**Task prompt:**
Retype nothing except the lines below from the one with "Pegatina Redonda Cuidada" through the one with "La primera de", exactly, with images left out.

**Task data:**
····················

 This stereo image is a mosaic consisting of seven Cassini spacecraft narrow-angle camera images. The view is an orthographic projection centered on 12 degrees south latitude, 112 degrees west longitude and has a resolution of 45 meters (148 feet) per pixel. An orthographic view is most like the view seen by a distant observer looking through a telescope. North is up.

····················

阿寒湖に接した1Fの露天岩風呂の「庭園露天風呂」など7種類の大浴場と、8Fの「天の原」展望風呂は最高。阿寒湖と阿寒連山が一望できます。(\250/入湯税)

····················

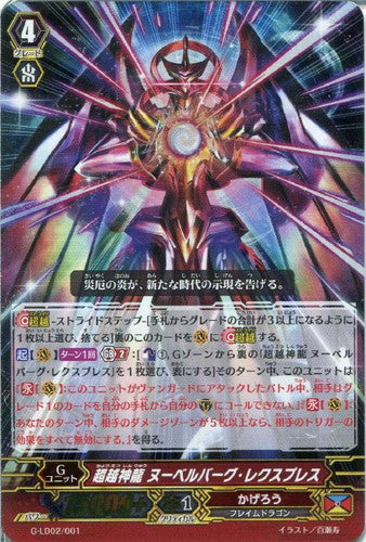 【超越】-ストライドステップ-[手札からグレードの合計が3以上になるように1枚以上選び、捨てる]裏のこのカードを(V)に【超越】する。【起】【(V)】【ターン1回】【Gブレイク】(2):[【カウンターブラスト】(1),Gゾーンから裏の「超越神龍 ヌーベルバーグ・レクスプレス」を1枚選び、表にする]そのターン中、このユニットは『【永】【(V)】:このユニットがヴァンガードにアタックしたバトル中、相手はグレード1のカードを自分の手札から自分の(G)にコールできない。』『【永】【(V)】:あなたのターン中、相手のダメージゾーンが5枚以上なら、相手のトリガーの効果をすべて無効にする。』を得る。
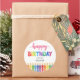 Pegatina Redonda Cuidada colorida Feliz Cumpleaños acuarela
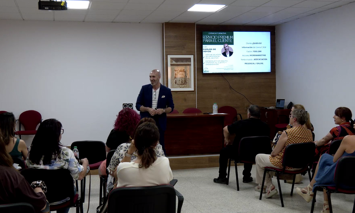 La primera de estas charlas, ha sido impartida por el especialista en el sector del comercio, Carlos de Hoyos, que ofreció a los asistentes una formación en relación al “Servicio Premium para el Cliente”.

····················

**Reply:**
 Pegatina Redonda Cuidada colorida Feliz Cumpleaños acuarela
 La primera de estas charlas, ha sido impartida por el especialista en el sector del comercio, Carlos de Hoyos, que ofreció a los asistentes una formación en relación al “Servicio Premium para el Cliente”.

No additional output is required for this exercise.